DECISÃO DA CORTE ESPECIAL DE 21 MEMBROS FIRMA DEFINITIVAMENTE A JURISPRUDÊNCIA DO STJ AO VOTAREM 12 DELES CONTRA OS INTERESSES DOS MUTUÁRIOS PREJUDICADOS, QUE TIVERAM SEUS SALDOS DEVEDORES E PRESTAÇÕES AUMENTADOS POR PLANO INJUSTO E DISCRIMINATÓRIO.

Íntegra da notícia do STJ

Por doze votos a sete a Corte Especial do Superior Tribunal de Justiça (STJ) definiu o Índice de Preços ao Consumidor (IPC) como aquele a ser usado para corrigir o saldo devedor e as prestações dos contratos de financiamento imobiliário durante o Plano Collor. Com essa decisão, fica definida a jurisprudência do STJ sobre o assunto, até então divergente.

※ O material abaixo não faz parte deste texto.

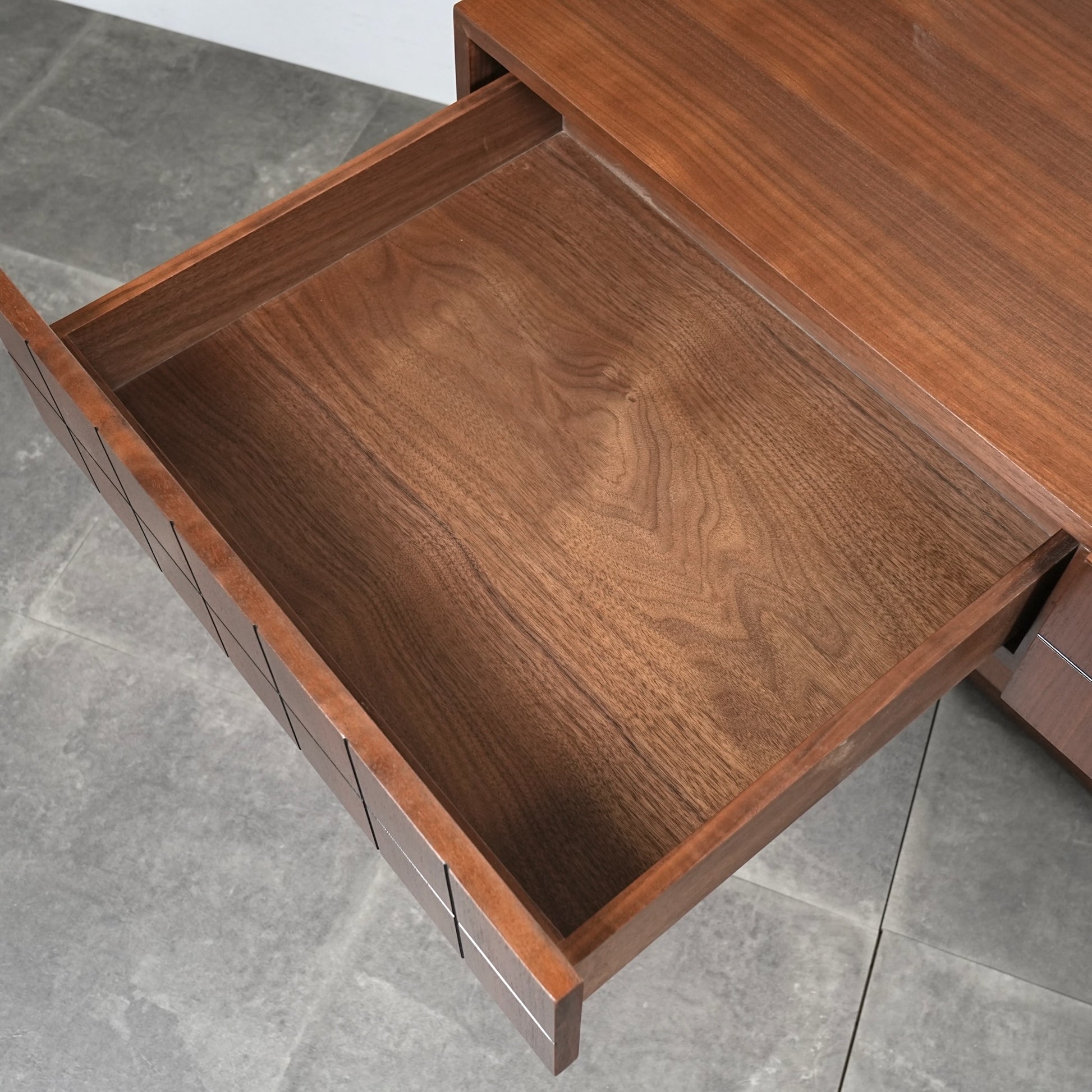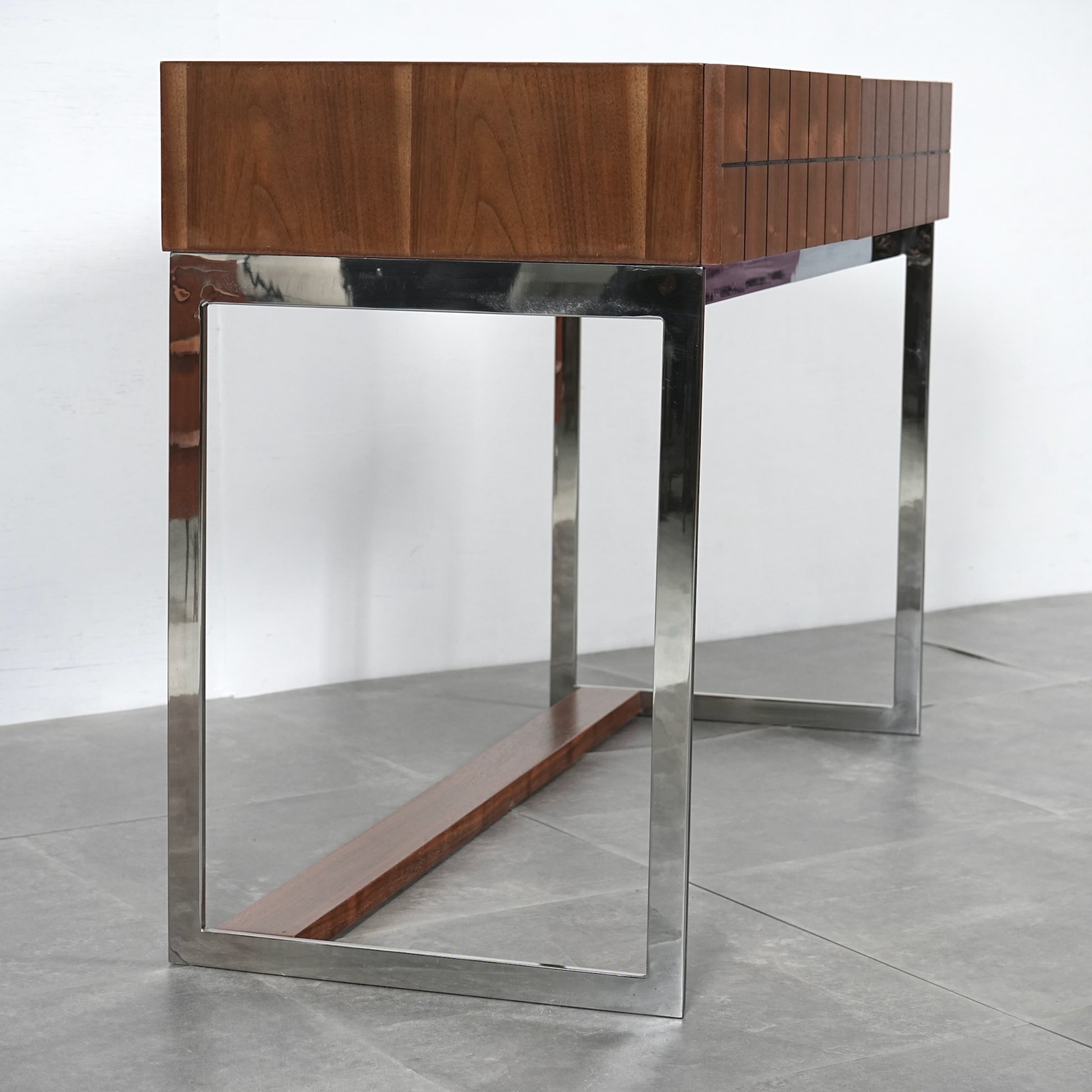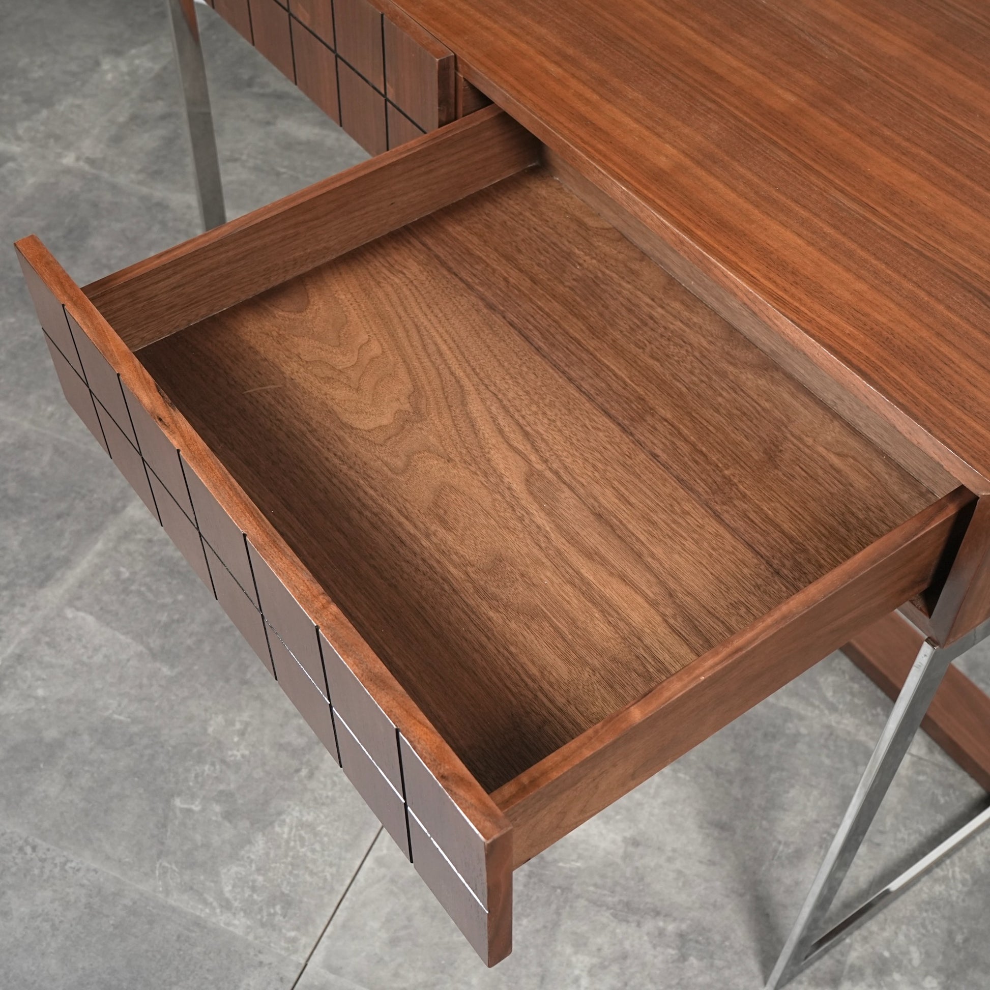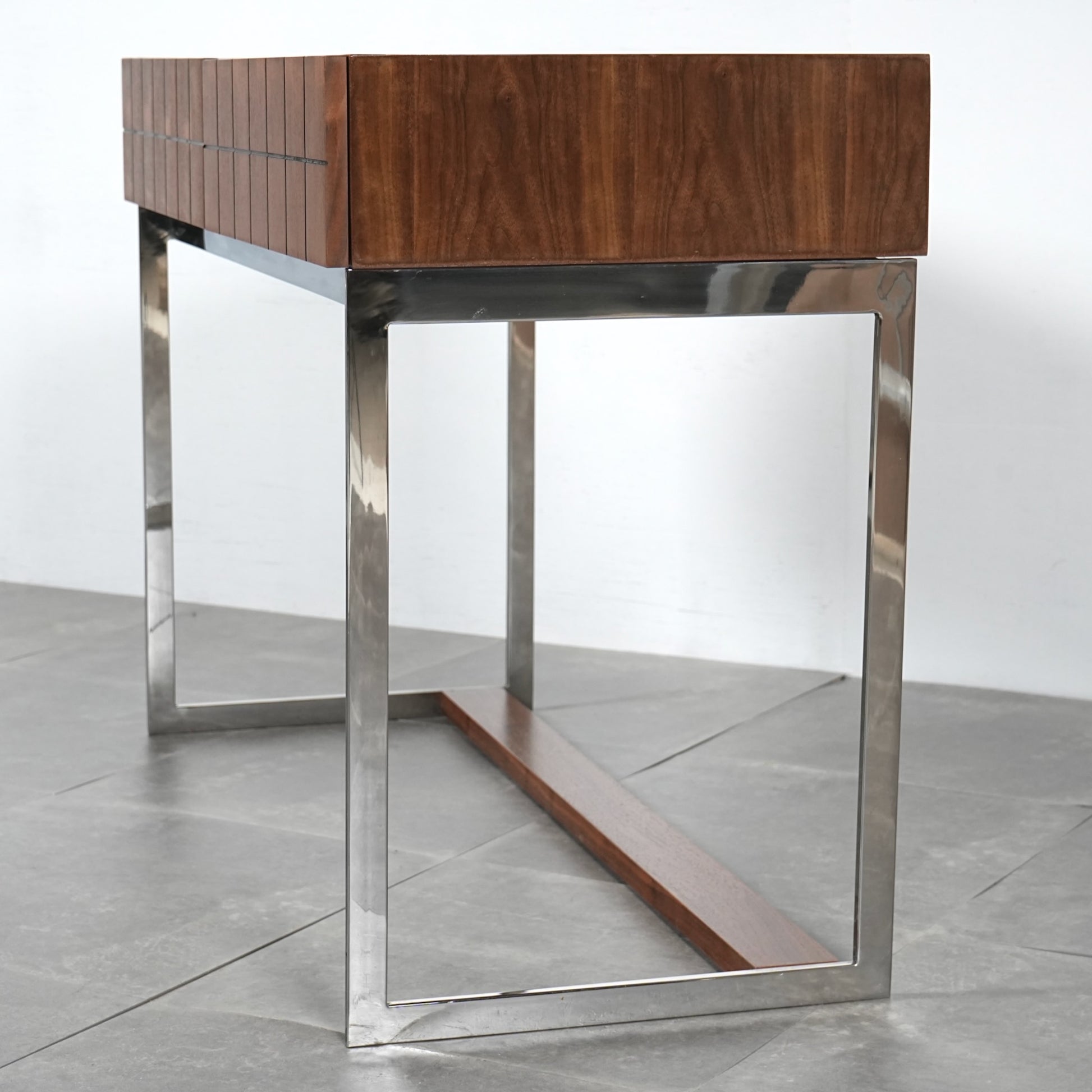 直線的でシャープな美しいデザインで、良質なウォルナット×メタルという異素材のバランスが見事。

A questão foi discutida nos embargos de divergência do mutuário Luiz Carlos Meira de Vasconcelos e sua esposa, de São Paulo, contra o Banco Bradesco S/A. Os mutuários sustentam que firmaram contrato de financiamento para construção de imóvel em 2 de maio de 1988 e tiveram a prestação do mês de abril de 1990 corrigida pelo IPC quando a seu ver deveria ter sido aplicado o Bônus do Tesouro Nacional (BTN). Isso, segundo alegam, teria causado desequilíbrio no contrato e enriquecimento indevido do banco.

O julgamento havia sido interrompido em fevereiro por um pedido de vista do ministro Humberto Gomes de Barros. Ao retomar o julgamento, ele acompanhou o relator, ministro Vicente Leal, para quem o índice a ser aplicado deve ser o IPC, pois não consegue encontrar base jurídica para a aplicação do BTNF, critério utilizado em um momento excepcional da vida nacional e que não reflete o real valor da inflação. Entendimento seguido também pelo ministro Cesar Asfor Rocha pelo ministro Ari Pargendler e entendeu que o BTNF deveria ser aplicado a esses casos.

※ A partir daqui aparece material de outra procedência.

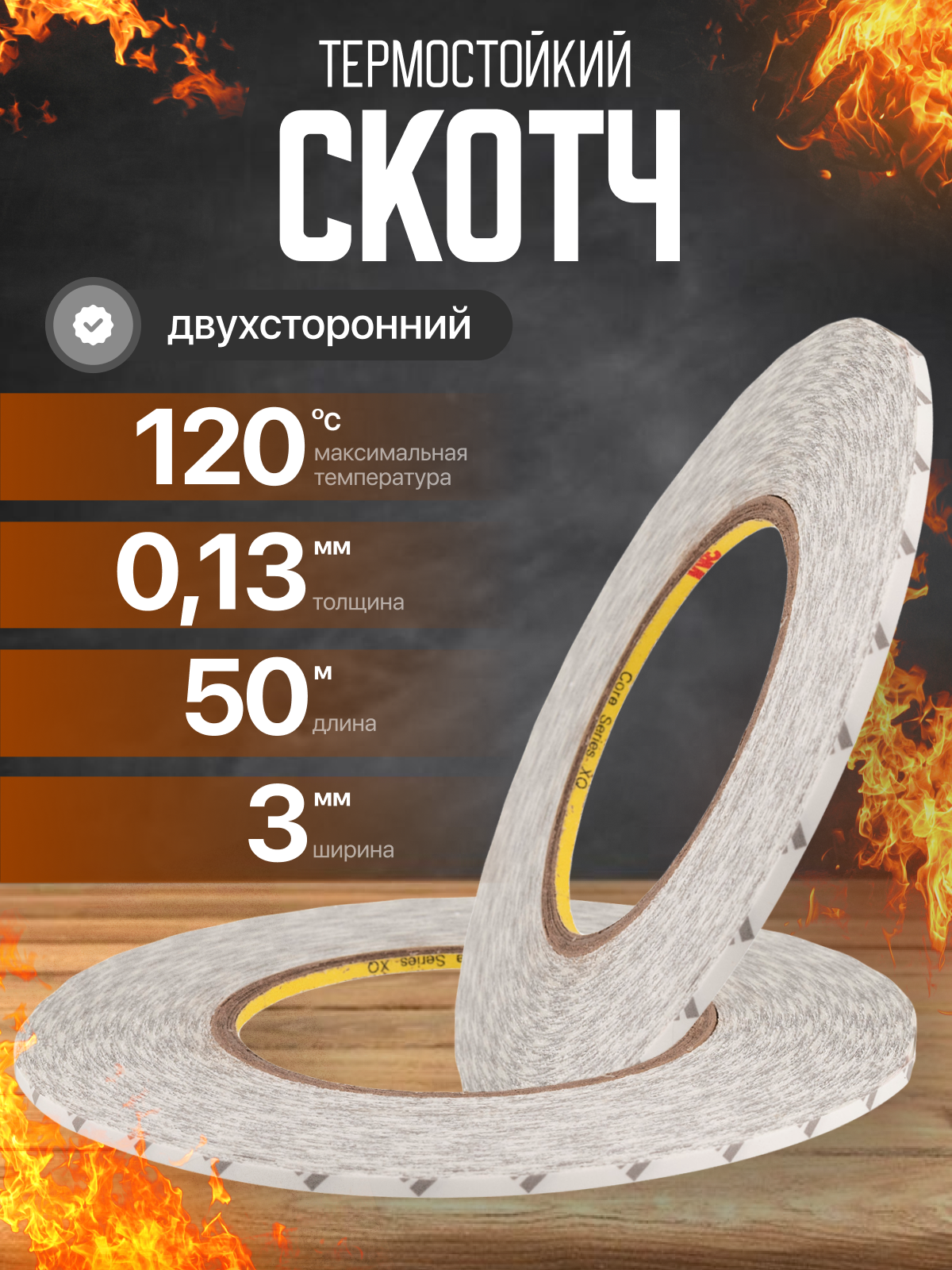 Купить Скотч двусторонний, термостойкий, высокой адгезии 3M9080 3mm 50m, для ремонта смартфонов и приклейки светодиодных лент
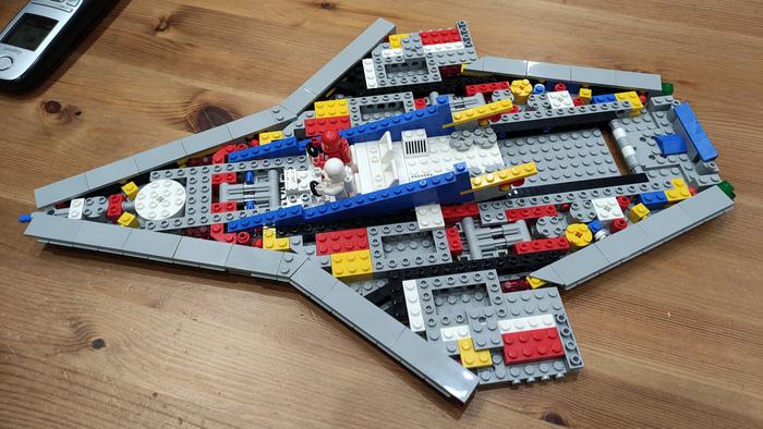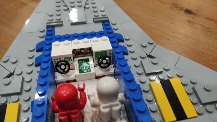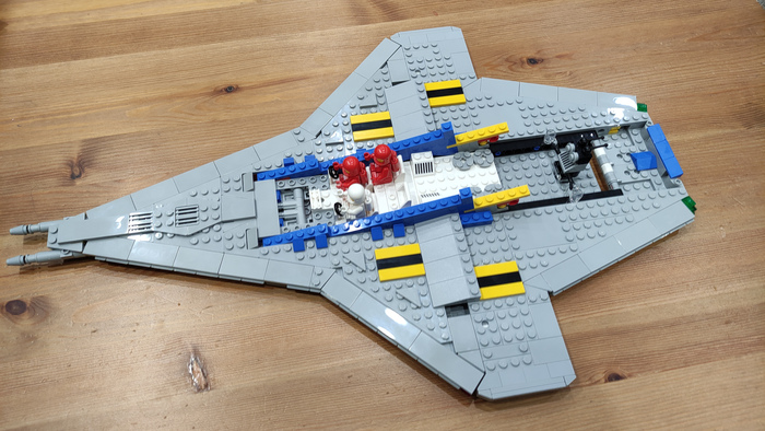 Пятый шаг. Носовая часть готова. Крылья почти завершены. Добавился ещё один астронавт.
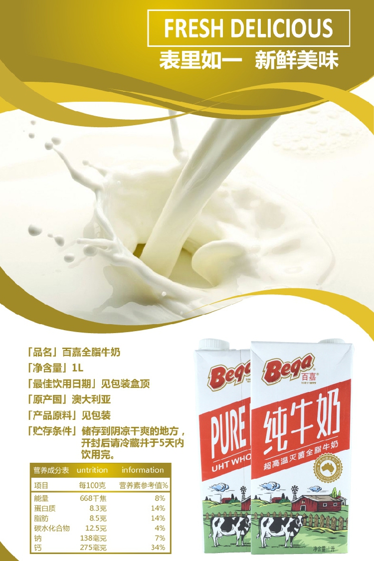Baijia full-fat pure milk Australian imports can beat milk bubble drink black sugar fresh milk breakfast milk 1L x 12 boxes
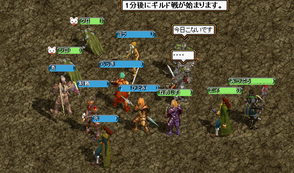 「らっ隊」の壁・峠とも言える「ブッ殺助」さんとのギル戦ですが、遅刻者多数^^;

Último a votar, o ministro Ruy Rosado de Aguiar acompanhou a divergência iniciada pelo ministro Ari Pargendler. Para ele, a Medida Provisória 168 repartiu as receitas depositadas em caderneta de poupança: os valores acima de 50 mil cruzados foram transferidos ao Banco Central e como poupança só restou o que era menor do que esse valor. O efeito da bipartição é que as instituições financeiras querem reajustar todos os contratos sem ter reajustado todas as poupanças. Mesmo votando nesse sentido, o voto de Ruy Rosado não conseguiu reverter a aplicação do IPC a esses casos.

Votaram pelo IPC o relator, ministro Vicente Leal, Sálvio de Figueiredo, Barros Monteiro, Peçanha Martins, Gomes de Barros, Cesar Rocha, José Delgado, José Arnaldo, Felix Fischer, Eliana Calmon, Francisco Falcão e Franciulli Neto. Acompanhando a divergência, iniciada pelo voto do ministro Ari Pargendler, votaram os ministros Antônio de Pádua Ribeiro, Edson Vidigal, Fontes de Alencar, Ruy Rosado, Fernando Gonçalves e Gilson Dipp.

Com essa decisão, fica firmada a jurisprudência no STJ sobre o tema pois o índice vencedor – o IPC – recebeu votação de mais de onze dos 21 ministros que compõem a Corte Especial, formando maioria absoluta.

Anteriormente, em três processos julgados na Corte Especial dois definiram o BTNF como índice de reajuste das prestações e um o IPC, não havendo, ainda, uma decisão por maioria absoluta a estabelecer definitivamente a questão no âmbito do Tribunal. O caso anterior julgado sobre o assunto definiu o BTNF por 10 votos a 8 e, recentemente, a Corte Especial teve a sua composição alterada com as aposentadorias de Garcia Vieira e Milton Luiz Pereira, e o ingresso de Franciulli Netto.